You may have noticed that there are rather less posts in the Calvintaries series than you might expect, since I declared a M-W-F timetable for them. The truth is I have totally failed to do what I hoped and planned to do. Let's talk about why.

The first reason was a blow to my morale. When I struggled with the posts about Romans (more on why below) and missed several deadlines, I wasn't really sure how to deal with it. I had lost my momentum. I was going to break my self-imposed schedule, which would make me feel bad. The only way to avoid that feeling was to ignore the project and pretend it didn't exist. This has been a pattern in my behaviour for years.

The best way to fix this response to failure is to, upon missing that deadline, commit to getting the next thing done without reference to time. I think that this will help restore momentum (upon which I emotionally thrive) and get me over the shame of failure. Yes, even for a little blog project which like five people will ever see, I experience shame when I fail.

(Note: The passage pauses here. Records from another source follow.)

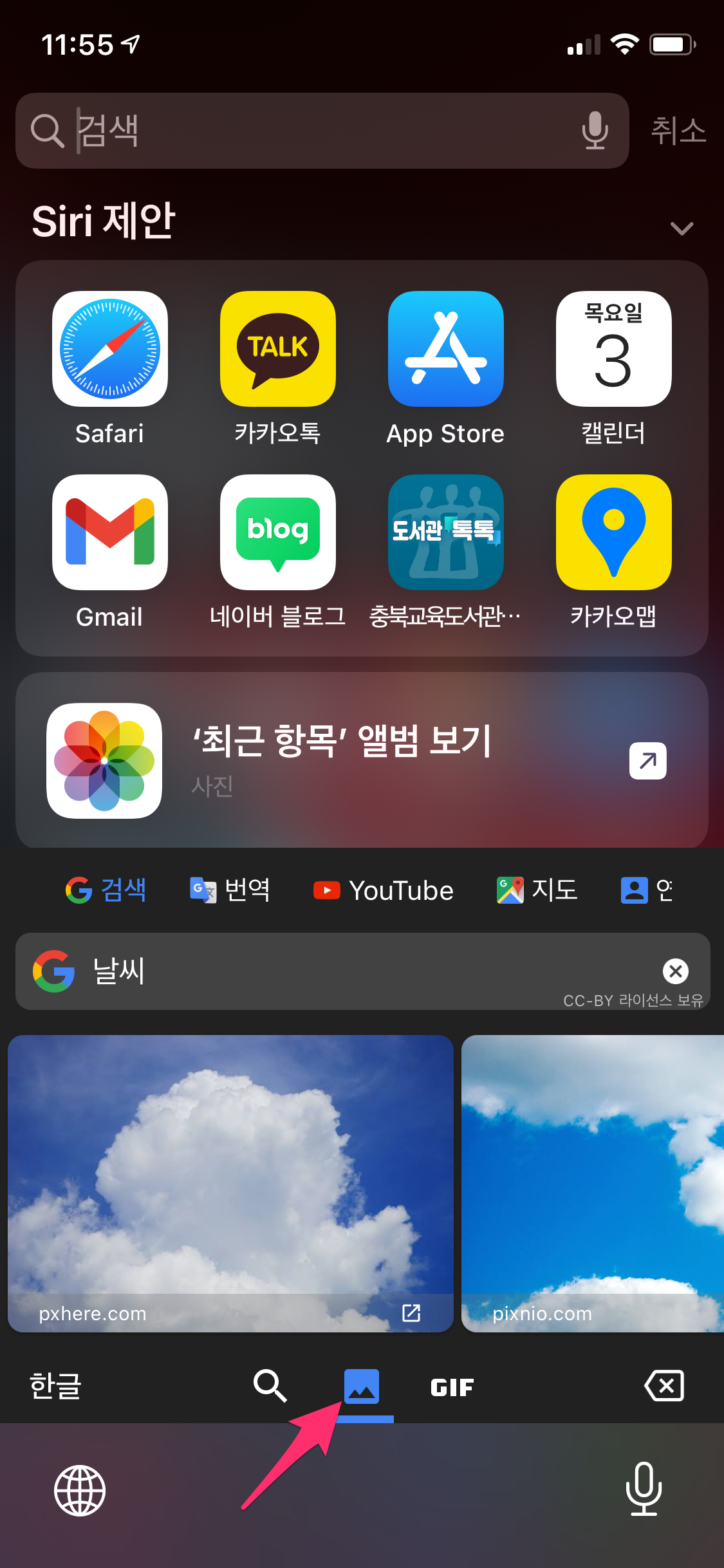 또한 하단에 이미지를 누르면 날씨라는 단어의 이미지가 검색됩니다.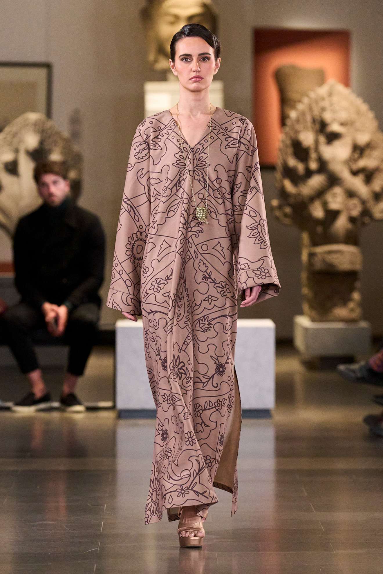 ويصل التصميم إلى الكاحل بقصة مريحة لا تحدد القوام، مع ياقة منخفضة وأكمام نصفية واسعة بأسلوب الكلوش، ما يجعله خياراً مثالياً لإطلالة تجمع بين الفخامة والراحة.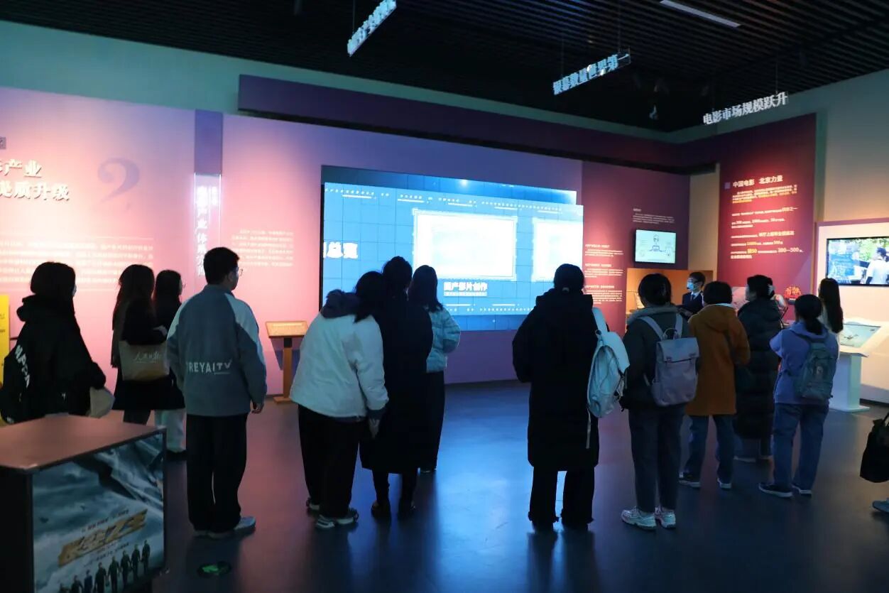 展览以思想领航为核心,从电影创作、产业升级、科技革新、公共服务、国际交流五个维度,全景式呈现了党的十八大以来中国电影事业的跨越式发展成就。在以人民为中心的创作导向下,主旋律电影、现实题材电影、传统文化题材电影繁荣涌现;电影产业全链条提质升级,银幕数量与票房稳居世界前列;虚拟摄制、国产电影设备、高格式放映系统等科技成果实现创新突破;城乡公益放映、电影教育、电影节展等公共服务普惠民生;中国电影通过国际合作、海外发行、中外合拍等形式走向世界,彰显出鲜明的文化自信与强劲的国际影响力。这些成就均让参与师生深受触动。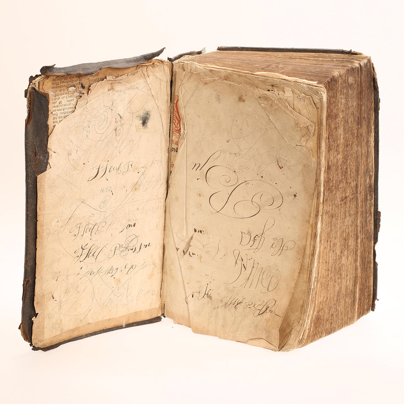 Den kristliga kyrkliga historia, D. Lucae Osiandri (1534-1604) författare, mått höjd ca 37 cm, ca 23 x 17 cm.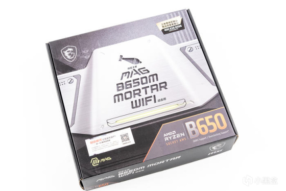 微星的MAG B650M MORTAR WIFI 迫擊炮主板還是一貫的灰色的軍事風格包裝,中間是型號標識,左上角微星LOGO,右下角則是RYZEN AM5的B650可超頻芯片組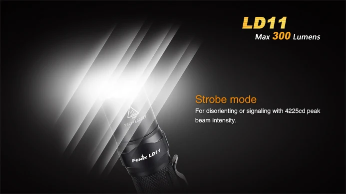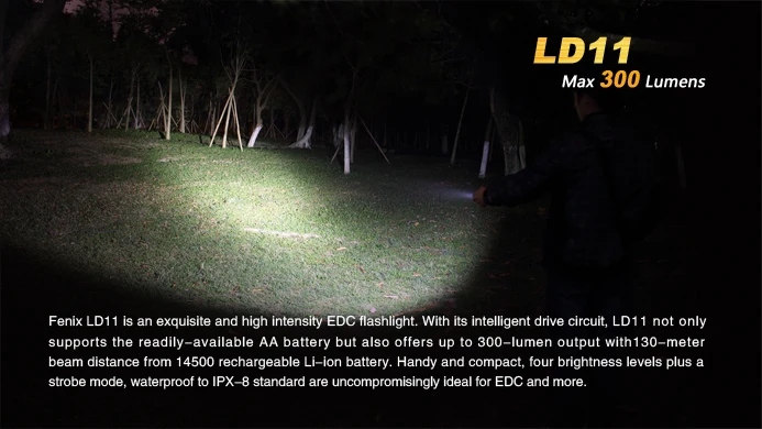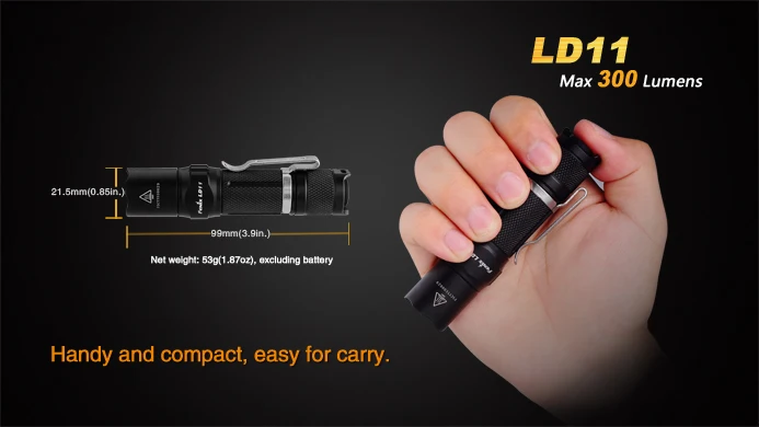 Description Fenix LD11 is an exquisite and high intensity EDC flashlight. With its intelligent drive circuit, LD11 not only supports the readily-available AA battery but also offers up to 300-lumen output with130-meter beam distance from 14500 rechargeable Li-ion battery. Handy and compact, four brightness levels plus a strobe mode, waterproof to IPX-8 standard are uncompromisingly ideal for EDC and more. Features ·Uses Cree XP-G2 R5 white light LED with a lifespan of 50,000 hours ·Powered by one 14500 rechargeable Li-ion battery or one AA battery ·99mm×21.5mm (3.9in.×0.85in.) ·53-gram weight (1.87oz), excluding battery ·Intelligent drive circuit for higher battery performance ·Digitally regulated output maintains constant brightness ·Low-voltage reminder indicates when battery replacement is needed ·Reverse polarity protection, to protect from improper battery installation ·Over-heat protection to avoid high-temperature of the surface ·Anti-roll, slip-resistant body design ·Push-button tail cap switch for output selection ·Made of durable aircraft-grade aluminum ·Premium Type III hard-anodized anti-abrasive finish ·Toughened ultra-clear glass lens with anti-reflective coating Included in the package LD11 flashlight x 1 Lanyard x1 Holster x 1 Body clip x 1 Spare O-ring x 1 User manual x1 Warranty card x1

I struggled (struggle) with summarising Romans not because I can't understand what Calvin is saying but because I found it difficult not to simply transcribe the commentary. What I really want to do is look at what Calvin is saying about the passage, and how it relates to that passage, and why he might expound it in that particular way. Really I want to analyse Calvin's hermeneutic. This takes more time and brain power than I anticipated.

So that's why the blog has been dead. Hopefully it will regain some life in the near future.